Social Media Causes More Fights Than Gangs (In One District)

Personal conflict originating on social media causes more fights than gang violence in schools in Montgomery County, Maryland, according to a report by WTOP, a local news service (full disclosure: my family just moved to Montgomery County, which makes this a subject of particular interest).

WTOP interviewed Wayne Ferrell, a “cluster security coordinator” for the county’s public schools, who explained: “We’re dealing with so many issues day in and day out, and acts of violence and students being attacked based on what’s out there on their social network.” No causes were singled out but the report implies that the disputes are of a personal nature. 

In another classic case of unintended consequences, Ferrell also claimed that the combatants are taking advantage of a new, lighter disciplinary enforcement aimed at rehabilitation: “Kids are now starting to realize ‘You know, I can actually get away with doing certain things and it’s not going to be that serious’.”

While personal contretemps may cause more fights than gangs, social media also plays a prominent role in gang conflict. In New York City police attributed multiple wide-ranging gang busts to the gang members’ own social media activity. In one 2012 case NYPD commissioner Ray Kelly noted: “Because of these individuals’ insatiable desire to brag about what they did, these investigators were able to draw a virtual map of their activities and bring them to justice.”

Kelly added that the NYPD “followed gang members on Twitter, on Facebook and on YouTube. By linking their boastings and postings on social media to active cases and other crime, these officers were able to build this case.”

Some studies have suggested a correlation between social media use and violence generally, although they do not distinguish between gang-related and personal violence. In a 2010 study published by Case Western Reserve's School of Medicine, excessive use of social media – specifically, "hypertexting" (sending more than 120 messages per school day) and "hypernetworking" (spending more than three hours per day on sites like Facebook) – were linked to dangerous health problems and antisocial behavior in teens.

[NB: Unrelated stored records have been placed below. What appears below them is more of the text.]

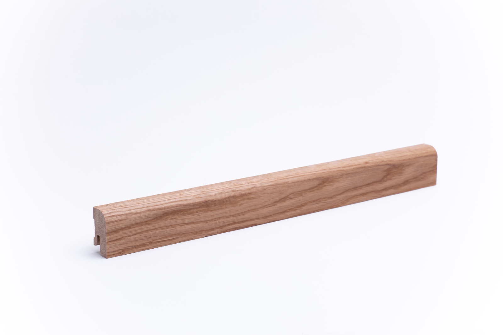 Plinthe de 40 mm de haut en chêne massif avec bord avant arrondi. Rabotée et poncée. Les plinthes sont travaillées d'une seule pièce, comme le tronc a poussé. Il en résulte une image harmonieuse au niveau de la structure du bois et de la couleur. Des finitions en pierre sont possibles.
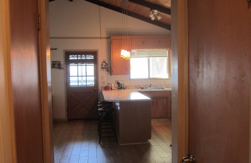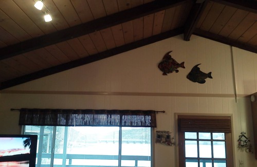 The house is light and bright. Large living room with open beam ceiling and picture window that boasts our beautiful lake and mountain views. Enjoy your coffee, or glass of wine next to the warming electric fireplace. There's a 42' Flat screen Tv and DVD player.
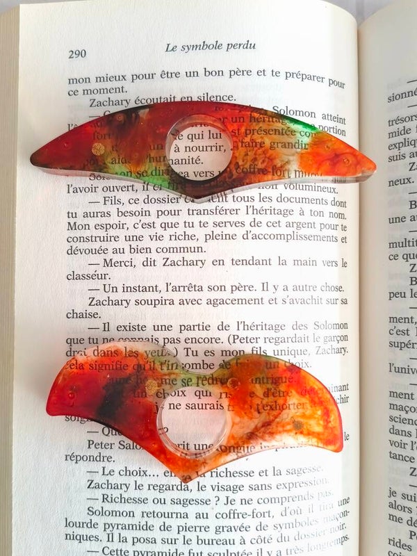 Choisissez votre modèle préféré parmi nos créations uniques en bois et résine époxy, et redécouvrez le plaisir de tourner les pages sans effort.
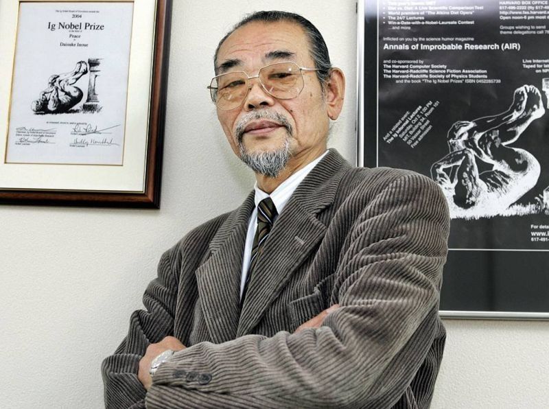 "El Premio Ig Nobel de la Paz se otorga este año a Daisuke Inoue de Hyogo, Japón, por inventar el karaoke, proporcionando así una forma completamente nueva para que las personas aprendan a tolerarse entre sí", dijo el maestro de ceremonias.

Among the Case Western findings, teens who hypertext are twice as likely to have tried alcohol; 3.5 times more likely to have had sex; 40% more likely to have tried cigarettes; 41% more likely to have used illicit drugs; 43% more likely to be binge drinkers; 55% more likely to have been in a physical fight; and 90% more likely to report four or more sexual partners. Hypernetworkers were 60% more likely to have four or more sexual partners; 62% more likely to have tried cigarettes; 69% more likely to be binge drinkers; 69% more likely to have had sex; 79% more likely to have tried alcohol; 84% more likely to have used illicit drugs; and 94% more likely to have been in a physical fight.